President Trump says North Korea "seems to be acting positively" after South Korea announced the North would halt nuclear weapons and missile tests and put its entire atomic arsenal up for discussion if the U.S. agrees to enter a negotiation. (March 6) AP


WASHINGTON — President Trump expressed cautious optimism Tuesday about the prospects of nuclear talks with North Korea, but said the U.S. would wait and see how things play out — and he did not rule out the military option.

"There’s been a lot of news on that today, hopefully it’s positive," Trump said during a joint news conference with Swedish Prime Minister Stefan Löfven. "Hopefully it will lead to a very positive result.”

Earlier, before an Oval Office meeting with Löfven, Trump declined to say whether he would establish preconditions for nuclear talks with North Korea.

The president, who has not ruled out military force if North Korea absolutely refuses to give up its nuclear weapons programs, also said he would not let the dispute "fester" much longer.

"One way or the other, we have to do something," Trump said.

During the news conference, Trump again blamed his predecessors for allowing the North Korea nuclear program to grow and credited his own policies for the prospect of talks: Sanctions, he said, "have been very, very strong and biting."  

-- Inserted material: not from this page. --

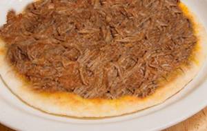 Cocinamos la sobrebarriga previamente y comenzamos picarla y a deshilacharla, colocamos la arepa en un plato para horno y agregamos los ingredientes, primero la carne, agregamos abundante queso y por último la salsa. La llevamos al horno por unos minutos y servimos. Que lo disfruten.

Trump, who has sent mixed signals on negotiating with North Korea, once admonished his own secretary of State for being willing to talk to North Korea, calling the exercise a "waste of time."

But the president has appeared to warm to the idea recently, even joking about it over the weekend at a dinner with Washington journalists. "I won't rule out direct talks with Kim Jong Un. I just won't," he said. "As far as the risk of dealing with a madman is concerned, that's his problem, not mine."

And in a tweet earlier on Tuesday, Trump said progress was possible, but cautioned that the North Korean overtures "may be false hope." He also tweeted that "the World is watching and waiting!" and that "the U.S. is ready to go hard in either direction!"

The meeting with the Swedish prime minister came shortly after North Korea said it would agree to hold talks with the United States about its nuclear weapons programs; administration officials have said they would not agree to talks until leader Kim Jong Un agreed to give up those weapons.

“I think that their statement, and the statements coming out of South Korea and North Korea have been very positive," Trump said. "That would be a great thing for the world. A great thing for the world. So we’ll see how it all comes about.”

More: What you need to know about potential U.S.-North Korea talks

Löfven, a former welder and Swedish metal workers union leader, is the first member of the European Union leader to visit the White House since Trump pledged to impose tariffs on steel and aluminum.

EU leaders like Löfven have criticized Trump's plan to place tariffs of 25% on steel imports and 10% on aluminum; Sweden exports both products.

The American and Swedish leaders also discussed North Korea. Sweden has long had diplomatic relations with Kim's government.

Löfven described the situation on the Korean Peninsula said one of the world's "key regional and global security challenges.

As a non-aligned country, Löfven said Sweden is willing to help broker potential negotiations between the U.S. and North Korea.

In his remarks, Trump thanked Sweden for advocating the release of Americans who have been detained in North Korea, "and we remain determined to achieve a de-nuclearization of the Korean Peninsula."